In the previous homework, we found ORF candidates in the SARS-CoV-2 genome and applied some filtering to reduce the number of ORFs we have to check. We then used NCBI's BLAST to find similar sequences in other organisms, which have already been annotated. We were then able to infer whether or not our ORF candidates were genes, and if they were, what they do. We would like to go through this process again, but this time, everyone from NCBI decided to go on a yearlong cruise around the world, and their servers just happened to go down with nobody to fix them. So we are left to fend for ourselves.

We have already run our ORF finder and, having applied some clever filtering, we have managed to narrow down our search to five ORFs. We will use our MiniBLAST implementation to test each of these ORFs to known, annotated sequences from three known coronaviruses, hoping to find a good match. A good match would mean that our ORF is most likely a gene, and since we know what the gene does in the reference virus, we will assume it does the same in SARS-CoV-2.

**TASK:**
We randomly pick three viruses -- Human-SARS, Bat-CoV RaTG13, and Pangolin-CoV MP789 -- to use as reference genomes. We are given 5 ORFs from SARS-CoV-2 that we found in the previous homework. It is our job to determine their function i.e. what gene they code for. For each ORF, calculate the local alignment to all annotated protein sequences from the three reference genomes. Score each alignment by counting the number of matching symbols in the aligned sequences e.g. A-TT and A-GG has similarity 2 (similarily to Hamming distance, but reversed).

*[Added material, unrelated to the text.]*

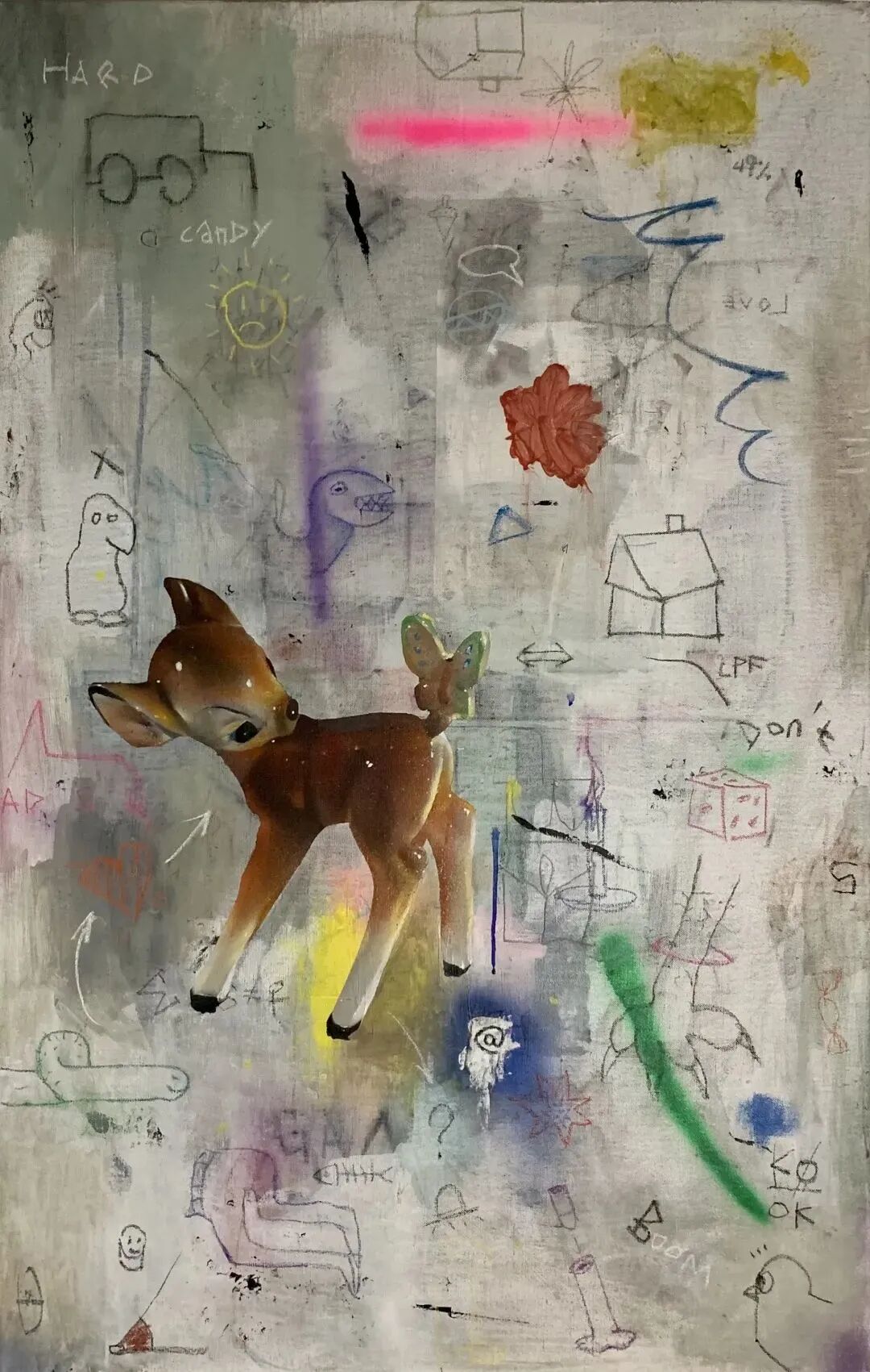 孙宇坤的的作品延续并扩散了一种二手图像融合及街头艺术的剪切和美术史采样的概念范畴。

Save your answers into the `orf_matches` variable as indicated in the cell below. Each ORF should be assigned a *closest-organism*, indicating in which reference virus the closest match was found, as well as a *homologous-gene*, indicating which gene the ORF matched to. Note any interesting observations into the `orf_comments` variable.
**[10 points]**

In [None]:
reference_genomes = [
    "Human-SARS",
    "Bat-CoV RaTG13",
    "Pangolin-CoV MP789",
]
query = "Human-SARS-CoV-2"

We first have to build up our reference database. To do this, look through all the coding regions (CDS) on each reference genome, extract it, and convert it to a protein sequence. Remember which gene each protein sequence belongs to, e.g. ORF1a, spike protein, ...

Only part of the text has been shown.